You may occasionally need to create your own vectors from scratch (although most vectors are obtained from processing data in already-existing files). The most commonly used function for constructing vectors is c(), so named because it concatenates objects together. However, if you wish to create vectors consisting of regular sequences of numbers (e.g. 2,4,6,8,10,12, or 1,1,2,2,1,1,2,2) there are several alternative functions you can use, including seq(), rep(), and the : operator.
Crystal Clear app terminal.png Input:
 1 c("one", "two", "three", "pi")  #Make a character vector
 2 c(1,2,3,pi)                     #Make a numeric vector
 3 seq(1,3)                        #Create a sequence of numbers
 4 1:3                             #A shortcut for the same thing (but less flexible)
 5 i <- 1:3                        #You can store a vector
 6 i
 7 i <- c(i,pi)                    #To add more elements, you must assign again, e.g. using c() 
 8 i                             
 9 i <- c(i, "text")               #A vector cannot contain different data types, so ... 
10 i                               #... R converts all elements to the same type
11 i+1                             #The numbers are now strings of text: arithmetic is impossible 
12 rep(1, 10)                      #The "rep" function repeats its first argument
13 rep(3:1,10)                     #The first argument can also be a vector
14 huge.vector <- 0:(10^7)         #R can easily cope with very big vectors
15 #huge.vector #VERY BAD IDEA TO UNCOMMENT THIS, unless you want to print out 10 million numbers
16 rm(huge.vector)                 #"rm" removes objects.
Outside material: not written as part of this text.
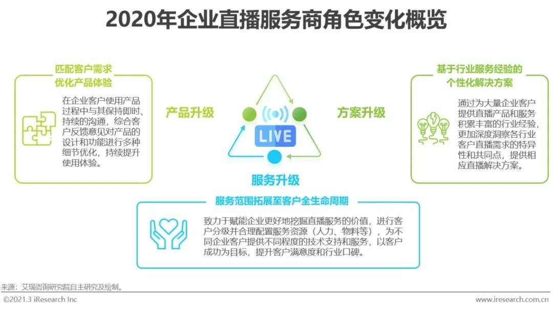 经过2020年的大规模应用和高速发展,企业直播服务商从可替代性较强的直播工具类角色向综合、一体化服务商方向发展。其变化主要体现在直播产品、行业解决方案和综合服务能力三个方面的升级。产品方面,2020年短期内激增的市场需求成为服务商直播技术和产品力的试金石,服务商通过配合大量客户的不同需求进行直播产品的迅速更新迭代打磨出了用户体验更佳的直播产品;解决方案方面,在实践中积累的客户服务经验和成功案例帮助服务商更加深入理解不同行业客户的直播痛点和需求差异,在此基础上推出更加个性化、体系化的行业客户解决方案;服务方面,直播服务的边界进一步拓宽,服务商针对不同类型的企业客户进行更加精细化的运营,结合自身优势全方位助力客户成功。

Deleting huge unused objects is sensible
Crystal Clear app kscreensaver.png Result:
> c("one", "two", "three", "pi")  #Make a character vector
[1] "one"   "two"   "three" "pi"   
> c(1,2,3,pi)                     #Make a numeric vector
[1] 1.000000 2.000000 3.000000 3.141593
> seq(1,3)                        #Create a sequence of numbers
[1] 1 2 3
> 1:3                             #A shortcut for the same thing (but less flexible)
[1] 1 2 3
> i <- 1:3                        #You can store a vector
> i
[1] 1 2 3
> i <- c(i,pi)                    #To add more elements, you must assign again, e.g. using c() 
> i                             
[1] 1.000000 2.000000 3.000000 3.141593
> i <- c(i, "text")               #A vector cannot contain different data types, so ... 
> i                               #... R converts all elements to the same type
[1] "1"                "2"                "3"                "3.14159265358979" "text"            
> i+1                             #The numbers are now strings of text: arithmetic is impossible 
Error in i + 1 : non-numeric argument to binary operator
> rep(1, 10)                      #The "rep" function repeats its first argument
 [1] 1 1 1 1 1 1 1 1 1 1
> rep(3:1,10)                     #The first argument can also be a vector
 [1] 3 2 1 3 2 1 3 2 1 3 2 1 3 2 1 3 2 1 3 2 1 3 2 1 3 2 1 3 2 1
> huge.vector <- 0:(10^7)         #R can easily cope with very big vectors
> #huge.vector #VERY BAD IDEA TO UNCOMMENT THIS, unless you want to print out 10 million numbers
> rm(huge.vector)                 #"rm" removes objects. Deleting huge unused objects is sensible


Notes[edit]

  1. These are special words in R, and cannot be used as names for objects. The objects T and F are temporary shortcuts for TRUE and FALSE, but if you use them, watch out: since T and F are just normal object names you can change their meaning by overwriting them.